*** Opening Material for this exercise ***

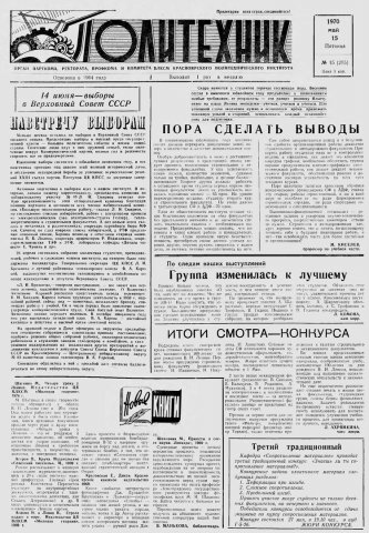 Политехник : газета/ Краснояр. политех. ин-т. - Красноярск : КГТУ, 1964 - - 2006 1970г. N 15 (205) (15 мая) http://lib3.sfu-kras.ru/ft/LIB2/ELIB_DC/SFUPRSV/sfupol/1970/1970_05_15_0205.pdf
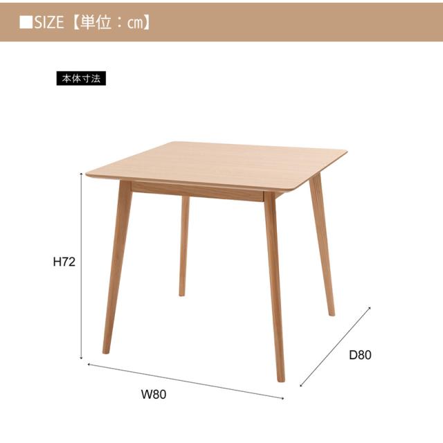 おしゃれ 北欧テイスト スクエアテーブル 幅80 【送料無料】 四角 正方形 ダイニングテーブル ナチュラル ホワイト 白 天然木 2人用
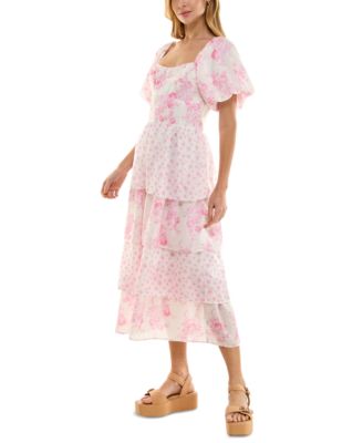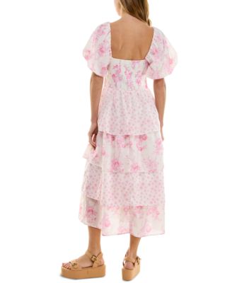 Juniors' Floral-Print Bubble-Sleeve Smocked-Back Tiered Dress
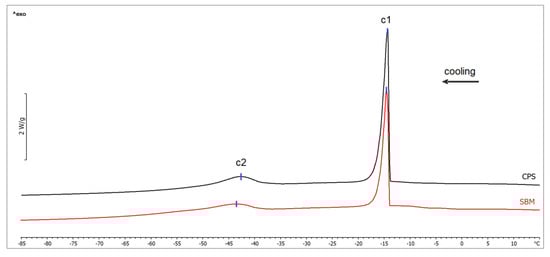 In the examined adipose tissue samples, there were no statistically significant differences in the water content in the samples between examined groups (22.86 ± 3.76 g/100 g and 26.97 ± 4.22 g/100 g, for the SBM and CPS group, respectively; p = 0.059). Figure 1 shows the sample thermograms obtained during the crystallization of lipids in the examined subcutaneous fat samples. The results of determined thermal parameters are given in Table 2. The first exothermic peak in crystallization curve, marked as c1, corresponds to the freezing of the water present in subcutaneous fat tissue [5]. The freezing temperature did not differ between groups (p = 0.531). However, the net enthalpy was greater in the subcutaneous fat samples obtained from broilers in the CPS group (p = 0.029). The phase transition marked as c2 is associated with crystallization of lipids [29]. No statistically significant differences were found between the examined groups, either in the lipid crystallization temperature (p = 0.753) or in the net transition enthalpy (p = 0.434).
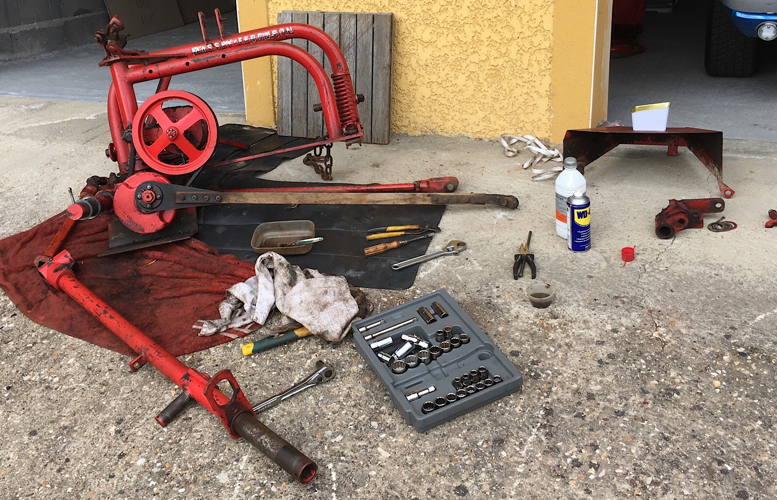 Et j’avance sur ma faucheuse MF832 en parallèle. Sous la crasse et la peinture, des pièces magnifiques. La biellette est comme neuve, je suis vraiment étonné!
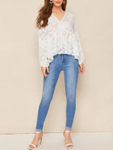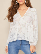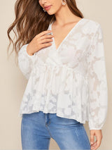 Product: V-neck Cross Ruffled Long-sleeved Blouse
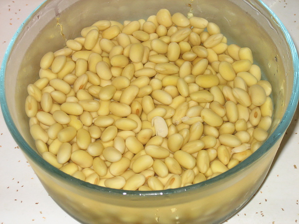 下面就是泡了一夜,已經變成兩倍大的黃豆。
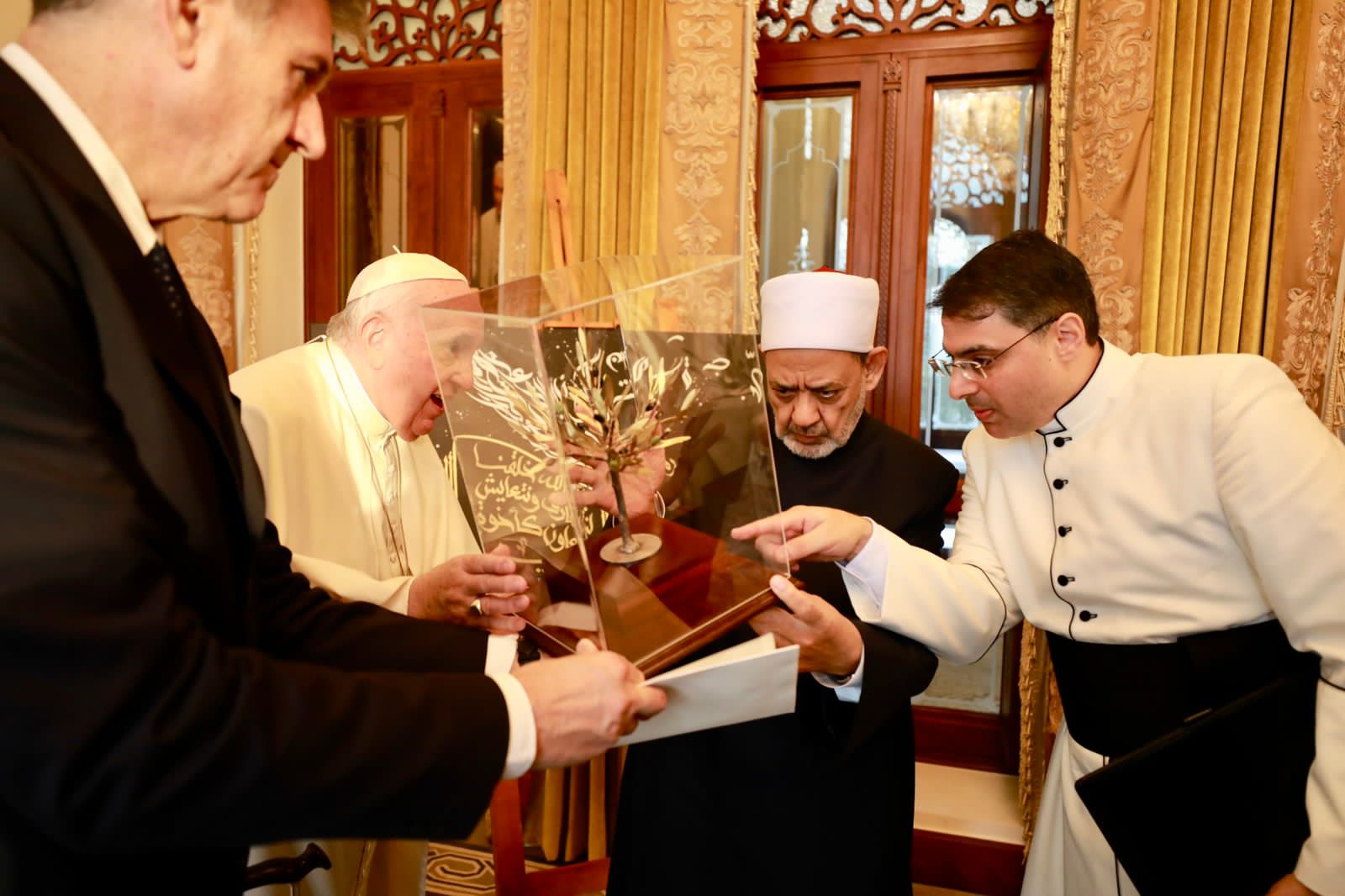 التقى فضيلة الإمام الأكبر أ. د أحمد الطيب، شيخ الأزهر، رئيس مجلس حكماء المسلمين، اليوم، قداسة البابا فرنسيس، بابا الكنيسة الكاثوليكية، في مملكة البحرين، في إطار زيارتهما إلى المملكة لزيارة البلاد والمشاركة في ملتقى البحرين للحوار "الشرق والغرب من أجل التعايش الإنساني".

*** Closing Material for this exercise ***

# [Assignment]
The copy you write must hold every record verbatim and none of the pictures.

# [Written answer]
 Политехник : газета/ Краснояр. политех. ин-т. - Красноярск : КГТУ, 1964 - - 2006 1970г. N 15 (205) (15 мая) http://lib3.sfu-kras.ru/ft/LIB2/ELIB_DC/SFUPRSV/sfupol/1970/1970_05_15_0205.pdf
 おしゃれ 北欧テイスト スクエアテーブル 幅80 【送料無料】 四角 正方形 ダイニングテーブル ナチュラル ホワイト 白 天然木 2人用
 Juniors' Floral-Print Bubble-Sleeve Smocked-Back Tiered Dress
 In the examined adipose tissue samples, there were no statistically significant differences in the water content in the samples between examined groups (22.86 ± 3.76 g/100 g and 26.97 ± 4.22 g/100 g, for the SBM and CPS group, respectively; p = 0.059). Figure 1 shows the sample thermograms obtained during the crystallization of lipids in the examined subcutaneous fat samples. The results of determined thermal parameters are given in Table 2. The first exothermic peak in crystallization curve, marked as c1, corresponds to the freezing of the water present in subcutaneous fat tissue [5]. The freezing temperature did not differ between groups (p = 0.531). However, the net enthalpy was greater in the subcutaneous fat samples obtained from broilers in the CPS group (p = 0.029). The phase transition marked as c2 is associated with crystallization of lipids [29]. No statistically significant differences were found between the examined groups, either in the lipid crystallization temperature (p = 0.753) or in the net transition enthalpy (p = 0.434).
 Et j’avance sur ma faucheuse MF832 en parallèle. Sous la crasse et la peinture, des pièces magnifiques. La biellette est comme neuve, je suis vraiment étonné!
 Product: V-neck Cross Ruffled Long-sleeved Blouse
 下面就是泡了一夜,已經變成兩倍大的黃豆。
 التقى فضيلة الإمام الأكبر أ. د أحمد الطيب، شيخ الأزهر، رئيس مجلس حكماء المسلمين، اليوم، قداسة البابا فرنسيس، بابا الكنيسة الكاثوليكية، في مملكة البحرين، في إطار زيارتهما إلى المملكة لزيارة البلاد والمشاركة في ملتقى البحرين للحوار "الشرق والغرب من أجل التعايش الإنساني".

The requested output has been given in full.